TASK REQUIREMENTS → Searching the material below, find each line that includes the word "could", and copy it.

EXERCISE MATERIAL →
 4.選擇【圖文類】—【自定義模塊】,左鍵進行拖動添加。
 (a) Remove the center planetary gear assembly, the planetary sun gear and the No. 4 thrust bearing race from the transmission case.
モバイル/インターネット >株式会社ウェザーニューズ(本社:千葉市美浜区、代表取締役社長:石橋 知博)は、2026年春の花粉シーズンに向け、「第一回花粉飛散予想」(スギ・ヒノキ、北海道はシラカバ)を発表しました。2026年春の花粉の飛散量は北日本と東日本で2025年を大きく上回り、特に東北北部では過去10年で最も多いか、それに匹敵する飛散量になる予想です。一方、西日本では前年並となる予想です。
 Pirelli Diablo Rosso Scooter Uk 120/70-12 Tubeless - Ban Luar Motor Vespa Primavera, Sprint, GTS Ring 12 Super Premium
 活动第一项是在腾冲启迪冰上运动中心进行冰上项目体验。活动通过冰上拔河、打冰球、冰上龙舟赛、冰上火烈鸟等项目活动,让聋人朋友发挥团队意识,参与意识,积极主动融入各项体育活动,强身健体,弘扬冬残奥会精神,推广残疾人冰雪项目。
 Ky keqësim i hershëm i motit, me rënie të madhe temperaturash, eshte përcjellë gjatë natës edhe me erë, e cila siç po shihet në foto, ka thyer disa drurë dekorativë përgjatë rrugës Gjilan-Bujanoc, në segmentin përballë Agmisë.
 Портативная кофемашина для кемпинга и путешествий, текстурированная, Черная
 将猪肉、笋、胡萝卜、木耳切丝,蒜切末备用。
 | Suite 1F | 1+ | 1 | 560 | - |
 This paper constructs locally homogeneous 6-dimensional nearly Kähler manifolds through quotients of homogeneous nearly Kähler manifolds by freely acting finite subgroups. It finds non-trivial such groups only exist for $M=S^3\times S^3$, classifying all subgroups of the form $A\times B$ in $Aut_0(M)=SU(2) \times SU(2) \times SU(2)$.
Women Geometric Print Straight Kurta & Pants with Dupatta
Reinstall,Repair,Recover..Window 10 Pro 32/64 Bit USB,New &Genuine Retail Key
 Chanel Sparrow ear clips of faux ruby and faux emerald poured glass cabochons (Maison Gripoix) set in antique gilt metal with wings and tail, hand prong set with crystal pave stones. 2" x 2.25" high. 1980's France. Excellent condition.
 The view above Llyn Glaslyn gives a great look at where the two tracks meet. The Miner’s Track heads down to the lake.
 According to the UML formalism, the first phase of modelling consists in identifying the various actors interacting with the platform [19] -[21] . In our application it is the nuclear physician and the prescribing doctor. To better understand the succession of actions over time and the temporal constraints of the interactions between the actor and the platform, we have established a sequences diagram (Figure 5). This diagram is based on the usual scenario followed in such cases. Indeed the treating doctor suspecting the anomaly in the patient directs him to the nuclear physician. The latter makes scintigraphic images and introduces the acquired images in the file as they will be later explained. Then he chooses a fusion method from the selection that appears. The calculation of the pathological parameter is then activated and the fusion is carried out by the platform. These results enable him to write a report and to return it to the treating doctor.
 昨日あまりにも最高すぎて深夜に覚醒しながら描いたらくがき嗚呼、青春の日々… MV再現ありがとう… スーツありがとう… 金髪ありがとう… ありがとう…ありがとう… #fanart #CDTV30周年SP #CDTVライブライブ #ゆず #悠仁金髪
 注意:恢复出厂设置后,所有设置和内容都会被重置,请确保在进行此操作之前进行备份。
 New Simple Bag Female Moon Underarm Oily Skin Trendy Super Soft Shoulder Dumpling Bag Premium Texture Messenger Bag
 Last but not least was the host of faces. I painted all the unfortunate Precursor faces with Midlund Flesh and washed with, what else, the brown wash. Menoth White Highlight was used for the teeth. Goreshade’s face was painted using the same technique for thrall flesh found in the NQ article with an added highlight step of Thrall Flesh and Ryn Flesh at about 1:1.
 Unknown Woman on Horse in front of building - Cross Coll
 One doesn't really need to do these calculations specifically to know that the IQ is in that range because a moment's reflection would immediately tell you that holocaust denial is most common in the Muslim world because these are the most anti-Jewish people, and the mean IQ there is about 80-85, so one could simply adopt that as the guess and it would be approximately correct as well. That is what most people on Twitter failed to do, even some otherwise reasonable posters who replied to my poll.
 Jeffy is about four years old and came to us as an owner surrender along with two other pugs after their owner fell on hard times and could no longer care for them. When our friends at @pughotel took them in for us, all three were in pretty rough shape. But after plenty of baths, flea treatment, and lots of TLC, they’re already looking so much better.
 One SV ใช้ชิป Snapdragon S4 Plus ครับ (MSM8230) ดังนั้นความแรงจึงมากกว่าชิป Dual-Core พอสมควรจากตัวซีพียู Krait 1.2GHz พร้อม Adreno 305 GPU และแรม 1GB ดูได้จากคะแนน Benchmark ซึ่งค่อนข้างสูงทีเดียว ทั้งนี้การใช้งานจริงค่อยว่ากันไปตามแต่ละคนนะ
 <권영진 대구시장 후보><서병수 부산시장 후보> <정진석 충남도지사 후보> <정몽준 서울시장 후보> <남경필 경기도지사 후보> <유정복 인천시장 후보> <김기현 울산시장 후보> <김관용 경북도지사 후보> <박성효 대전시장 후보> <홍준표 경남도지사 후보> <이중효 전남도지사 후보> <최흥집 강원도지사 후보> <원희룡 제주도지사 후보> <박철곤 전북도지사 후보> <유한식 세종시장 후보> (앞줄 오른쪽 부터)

COMPLETED EXERCISE →
 One doesn't really need to do these calculations specifically to know that the IQ is in that range because a moment's reflection would immediately tell you that holocaust denial is most common in the Muslim world because these are the most anti-Jewish people, and the mean IQ there is about 80-85, so one could simply adopt that as the guess and it would be approximately correct as well. That is what most people on Twitter failed to do, even some otherwise reasonable posters who replied to my poll.
 Jeffy is about four years old and came to us as an owner surrender along with two other pugs after their owner fell on hard times and could no longer care for them. When our friends at @pughotel took them in for us, all three were in pretty rough shape. But after plenty of baths, flea treatment, and lots of TLC, they’re already looking so much better.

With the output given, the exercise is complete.